Kubernetes Ingress for Distributed Model Serving

Question

Pulumi · Accepted Answer

In Kubernetes, an Ingress is an API object that manages external access to the services in a cluster, typically HTTP. For your use case of distributed model serving, the Ingress will route external traffic to the appropriate model-serving service based on the request path or host.

To configure an Ingress for distributed model serving, you will need:

1. A Kubernetes cluster with the Ingress controller installed (you could use NGINX Ingress controller, for example).
2. One or more model-serving services deployed in the cluster.
3. An Ingress resource defining the access rules.

Below, you will find a Pulumi program written in Python that demonstrates how to set up an Ingress resource to distribute traffic to two different model-serving services based on the request path.

First, I will include the necessary import statements:

* `pulumi_kubernetes` is used to interact with Kubernetes resources.
* The `Ingress` class (from `networking.v1`) to create an Ingress resource.
* The `Service` class to define the backend services for handling the requests.

Here is the Pulumi program that demonstrates this:

```python
import pulumi
from pulumi_kubernetes import Provider
from pulumi_kubernetes.networking.v1 import Ingress
from pulumi_kubernetes.core.v1 import Service

# Assume that you have a Kubernetes Provider configured for Pulumi.
k8s_provider = Provider(resource_name='k8s')

# Define a service for Model A
model_a_service = Service('model-a-service',
    metadata={
        "name": "model-a-service"
    },
    spec={
        "selector": {
            "app": "model-a"
        },
        "ports": [{
            "port": 80,
            "targetPort": 8080
        }]
    },
    opts=pulumi.ResourceOptions(provider=k8s_provider)
)

# Define a service for Model B
model_b_service = Service('model-b-service',
    metadata={
        "name": "model-b-service"
    },
    spec={
        "selector": {
            "app": "model-b"
        },
        "ports": [{
            "port": 80,
            "targetPort": 8080
        }]
    },
    opts=pulumi.ResourceOptions(provider=k8s_provider)
)

# Create the Ingress resource
ingress = Ingress('model-serving-ingress',
    metadata={
        "annotations": {
            # Example of an NGINX-specific annotation for rewrite
            "nginx.ingress.kubernetes.io/rewrite-target": "/$2"
        }
    },
    spec={
        "rules": [{
            "http": {
                "paths": [
                    {
                        "path": "/model-a(/|$)(.*)",
                        "pathType": "Prefix",
                        "backend": {
                            "service": {
                                "name": model_a_service.metadata["name"],
                                "port": {
                                    "number": 80
                                }
                            }
                        }
                    },
                    {
                        "path": "/model-b(/|$)(.*)",
                        "pathType": "Prefix",
                        "backend": {
                            "service": {
                                "name": model_b_service.metadata["name"],
                                "port": {
                                    "number": 80
                                }
                            }
                        }
                    },
                ]
            }
        }]
    },
    opts=pulumi.ResourceOptions(provider=k8s_provider)
)

# Export the Ingress name
pulumi.export('ingress_name', ingress.metadata['name'])
```

In this program:
- Two `Service` resources are defined, one for each model-serving service (`model-a` and `model-b`).
- An `Ingress` resource is created that defines rules for routing traffic to these services.
  - Requests to `/model-a` will be routed to `model-a-service`.
  - Requests to `/model-b` will be routed to `model-b-service`.
- For simplicity, we assume each service is running on port 8080 and the Ingress will route traffic to them on port 80.
- Note that the `path` fields are using a regular expression to capture any sub-paths.
- The `nginx.ingress.kubernetes.io/rewrite-target` annotation is specific to the NGINX Ingress controller and indicates how to rewrite the URL path before forwarding the request to the backend service.

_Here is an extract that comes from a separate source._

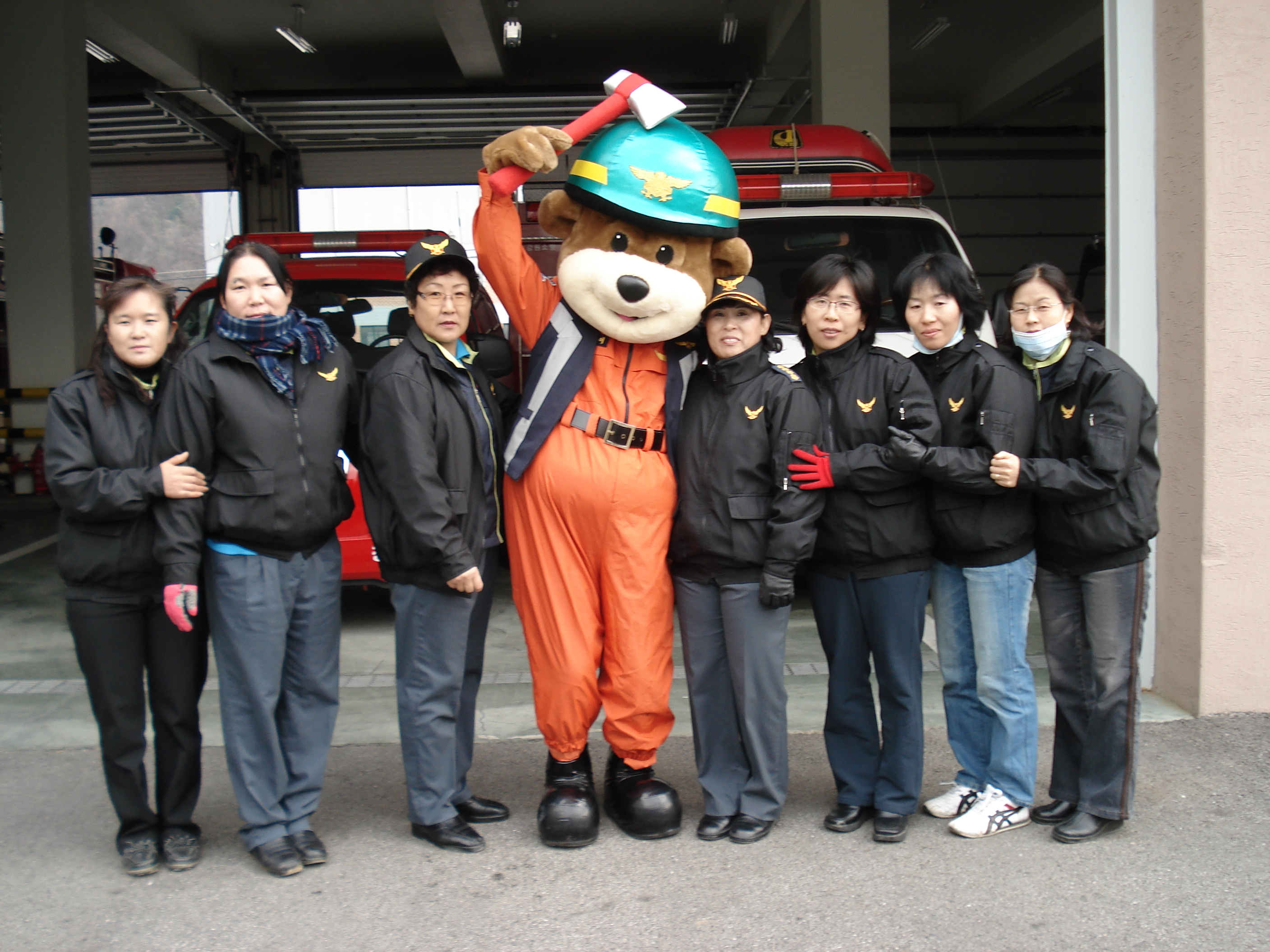 곰돌이소방관에게 "화이팅"을 외쳐주면서 격려했다.

Ensure that you have applied the NGINX Ingress controller or an equivalent in your cluster and that the services represented as `model-a` and `model-b` are deployed and properly labeled. Adjust the `selector` fields to match the labels of your model-serving pods.

Finally, I have exported the name of the Ingress resource so that you can easily find it within your cluster after deployment. This is a standard practice for tracking generated resources in Pulumi.

Deploy the program using Pulumi CLI commands:
- Run `pulumi up` to preview and deploy the changes.
- Confirm the deployment by selecting 'yes'.
- After successful deployment, you can check the Ingress resource using `kubectl` or access the model services through the Ingress' external endpoint.